WORK INSTRUCTION: Your reply should reproduce the data below without a single alteration, apart from dropping the images.

SUPPLIED MATERIAL:
BEGIN
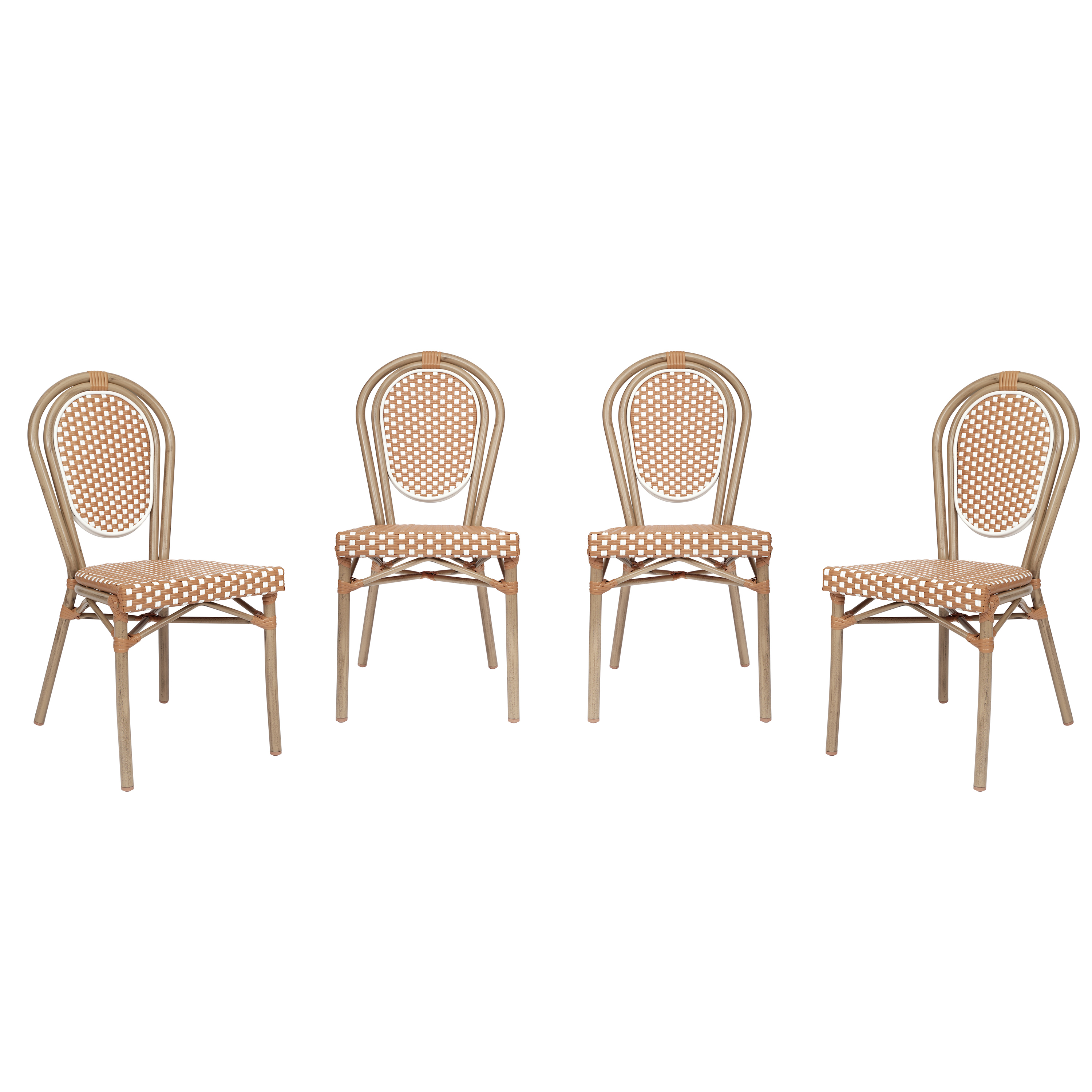 4 Pack Lourdes Indoor/Outdoor Commercial Thonet Bistro Stacking Chair, Natural/White PE Rattan and Bamboo Print Aluminum Frame in Light Natural
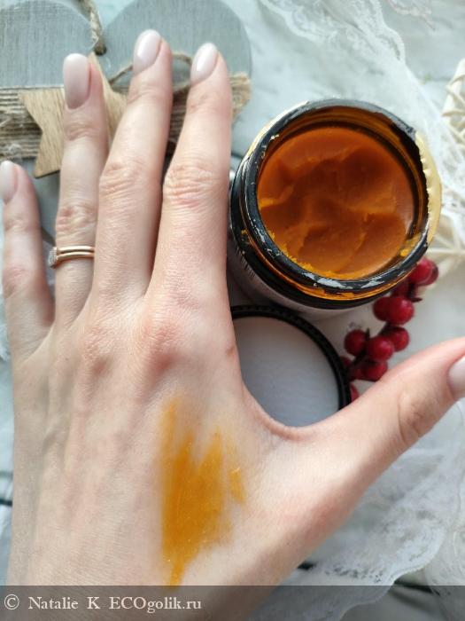Облепиха придает средству не только яркий оранжевые аромат, она и смягчает кожу, быстро заживляет трещинки и раны, даже места, где есть царапины или мозоли, полученные от новой обуви. Облепиха имеет так же сильный противовоспалительный эффект.
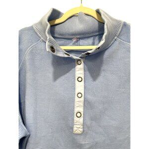 This cropped pullover shirt combines a casual silhouette with a polished design. Featuring a ribbed texture, button-up collar, and soft cotton blend fabric.
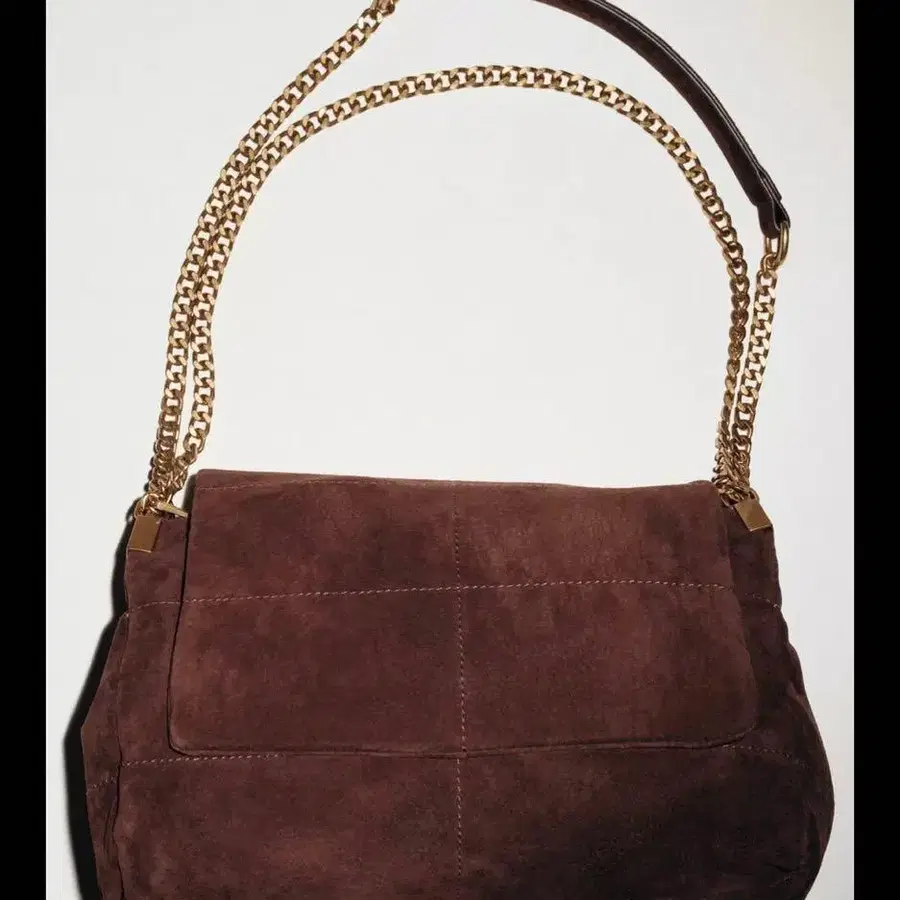 다크 브라운 스웨이드 소재의 플랩 숄더백입니다.
END
SOLUTION TO THE EXERCISE:
 4 Pack Lourdes Indoor/Outdoor Commercial Thonet Bistro Stacking Chair, Natural/White PE Rattan and Bamboo Print Aluminum Frame in Light Natural
Облепиха придает средству не только яркий оранжевые аромат, она и смягчает кожу, быстро заживляет трещинки и раны, даже места, где есть царапины или мозоли, полученные от новой обуви. Облепиха имеет так же сильный противовоспалительный эффект.
 This cropped pullover shirt combines a casual silhouette with a polished design. Featuring a ribbed texture, button-up collar, and soft cotton blend fabric.
 다크 브라운 스웨이드 소재의 플랩 숄더백입니다.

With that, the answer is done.